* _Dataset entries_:
_ _ _
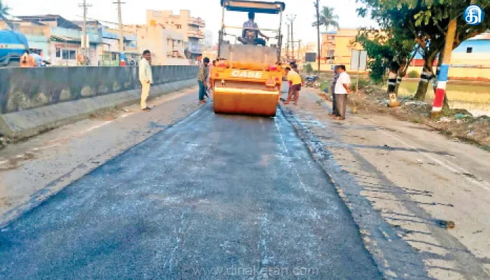 இதனையடுத்து, பொன்னேரி நெடுஞ்சாலைத்துறை கண்காணிப்பு பொறியாளர் செல்வகுமாரின் ஆலோசனையின் பேரில் கோட்ட பொறியாளர் சிற்றரசு, உதவி கோட்ட பொறியாளர் பாலச்சந்தர், இளநிலை பொறியாளர் பரந்தாமன், நெடுஞ்சாலைத்துறை ஊழியர்கள் மூலம் மீஞ்சூரில் இருந்து காட்டுப்பள்ளி தச்சூர் கூட்டுசாலை வரை சுமார் 12 கிமீ தூரத்துக்கு சீரமைக்கப்பட்டது. அப்போது, சாலையின் நடுவே உள்ள தடுப்புச் சுவர்கள், வேகத்தடைகளில் கருப்பு, வெள்ளை நிறத்தில் வண்ணம் தீட்டும் பணி தீவிரமாகி நடந்து வருகிறது. மேலும் மீஞ்சூர் முதல் வல்லூர் அத்திப்பட்டு, காட்டுப்பள்ளி தச்சூர் கூட்டு சாலை வரை சாலையின் நடுவே பழுதடைந்த பகுதிகளை கண்டெடுத்து தார் சாலை போடும் பணிகளை நெடுஞ்சாலை துறையினர் மேற்கொண்டு வருகின்றனர்.
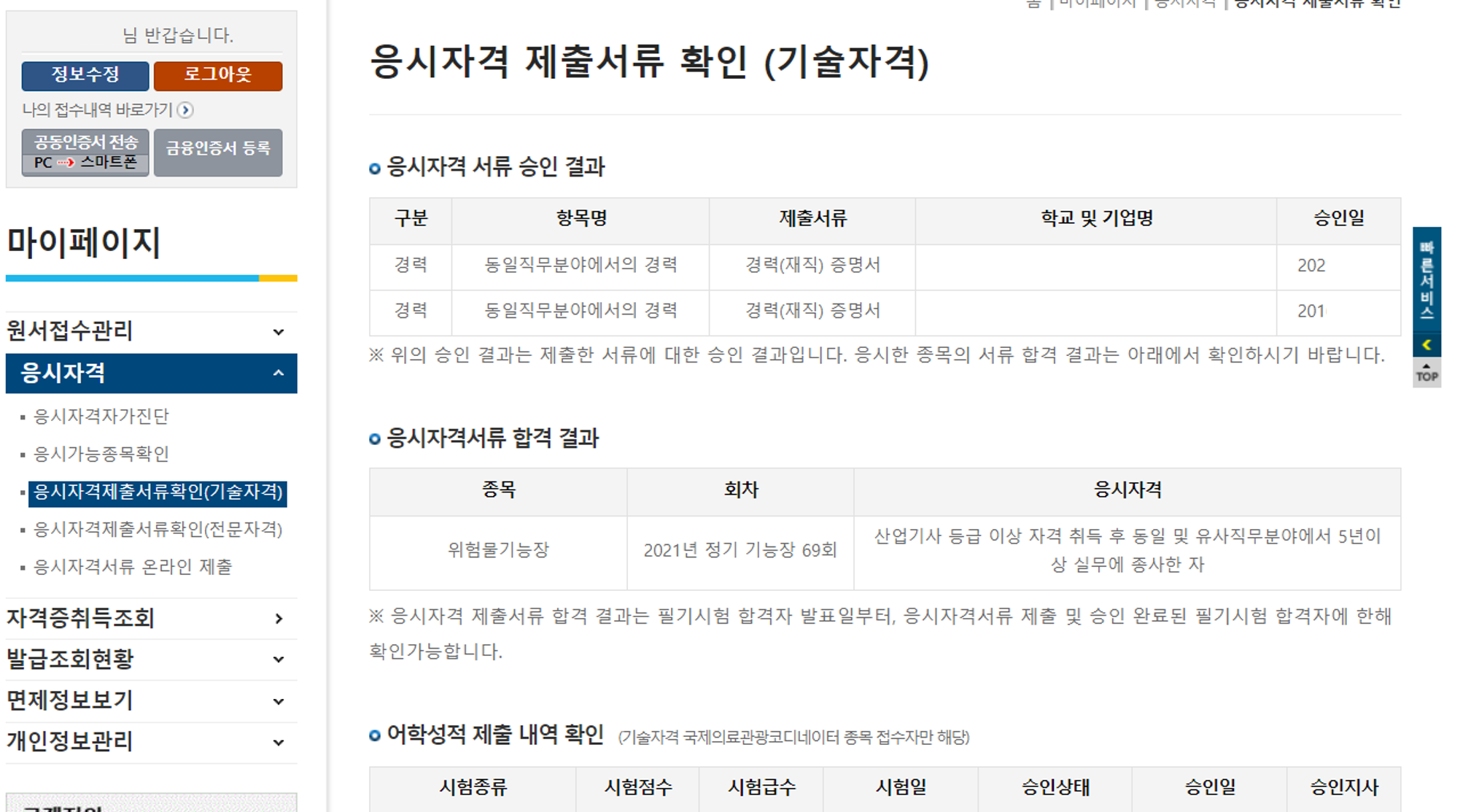 응시자격이 적합하지 않거나 응시자격서류가 부적합된 경우 필기시험 합격 예정이 무효 처리되기 때문에 정해진 기한 내에 제출하고 인정을 받아야 합니다.
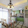 本套餐厅装饰的整体效果可以带给人们一种唯美的视觉效果,空间内的石膏板吊顶采用了平顶式的设计,并在中间悬挂了一盏造型别致的吊灯,十分具有设计感,原木材质的餐桌也因此显得更加独特。
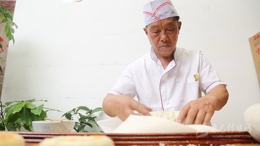 具體制作步驟分為做餡、起酥、做點(diǎn)心皮、制作酥皮、揉搓成坯、烤制等六道工序。其最具特色的“酥皮”,烹制技藝尤為精細(xì),需經(jīng)起酥、制皮、制酥皮多個(gè)環(huán)節(jié),在制作中,首先用精制面粉加熬制好的豬油適合比例混合后反復(fù)揉搓,并制成長(zhǎng)方形面團(tuán)備用;隨后用面粉加豬油,加入沸水晾曬至稍低溫度時(shí)反復(fù)鞣制一個(gè)小時(shí),直到拉扯面團(tuán)不粘手且發(fā)出清脆的響聲;最后還要將醒發(fā)的面團(tuán)分為五錢(qián)重,包裹三錢(qián)的“起酥”,搟至長(zhǎng)條形,然后裹成圓柱形,左右對(duì)折,一層層折疊、壓緊,再舒展。這樣重復(fù)幾次,能形成幾十層,酥皮薄如蟬翼,沾水即化。
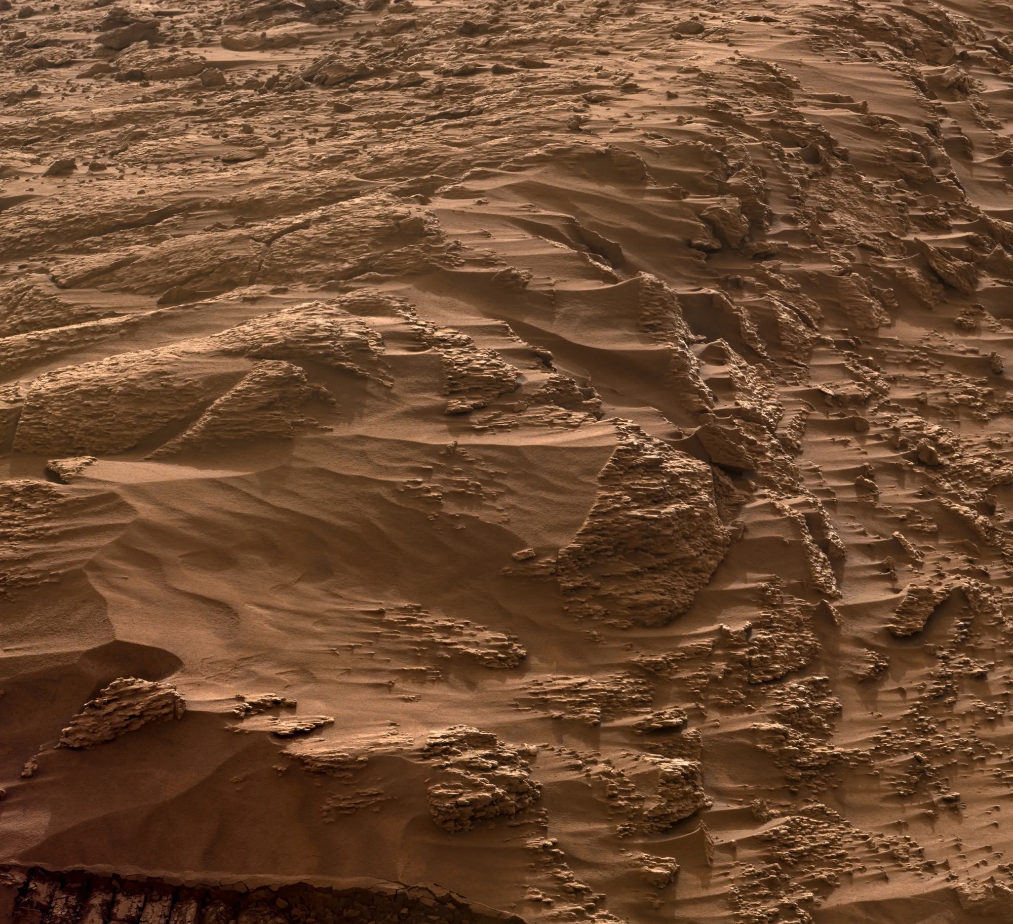 Марсоход NASA «Персеверанс» сделал этот снимок с помощью своей камеры Mastcam-Z 8 сентября 2025 года — на 1618-й марсианский день (сол) своей миссии. На изображении запечатлён участок местности, получивший название «Мон-Мюзар» (Mont Musard). Здесь же виден и другой район — «Лак-де-Шарм» (Lac de Charmes), где команда марсохода планирует в ближайший год искать новые образцы горных пород для бурения и сбора кернов.
_ _ _
* _Problem statement_: Exactly as written above, retype the lines starting at the one holding "本套餐厅装饰的整体效果可以带" and ending at the one holding "具體制作步驟分為做餡、起酥、", both included, but not the pictures.

* _Written response_:
 本套餐厅装饰的整体效果可以带给人们一种唯美的视觉效果,空间内的石膏板吊顶采用了平顶式的设计,并在中间悬挂了一盏造型别致的吊灯,十分具有设计感,原木材质的餐桌也因此显得更加独特。
 具體制作步驟分為做餡、起酥、做點(diǎn)心皮、制作酥皮、揉搓成坯、烤制等六道工序。其最具特色的“酥皮”,烹制技藝尤為精細(xì),需經(jīng)起酥、制皮、制酥皮多個(gè)環(huán)節(jié),在制作中,首先用精制面粉加熬制好的豬油適合比例混合后反復(fù)揉搓,并制成長(zhǎng)方形面團(tuán)備用;隨后用面粉加豬油,加入沸水晾曬至稍低溫度時(shí)反復(fù)鞣制一個(gè)小時(shí),直到拉扯面團(tuán)不粘手且發(fā)出清脆的響聲;最后還要將醒發(fā)的面團(tuán)分為五錢(qián)重,包裹三錢(qián)的“起酥”,搟至長(zhǎng)條形,然后裹成圓柱形,左右對(duì)折,一層層折疊、壓緊,再舒展。這樣重復(fù)幾次,能形成幾十層,酥皮薄如蟬翼,沾水即化。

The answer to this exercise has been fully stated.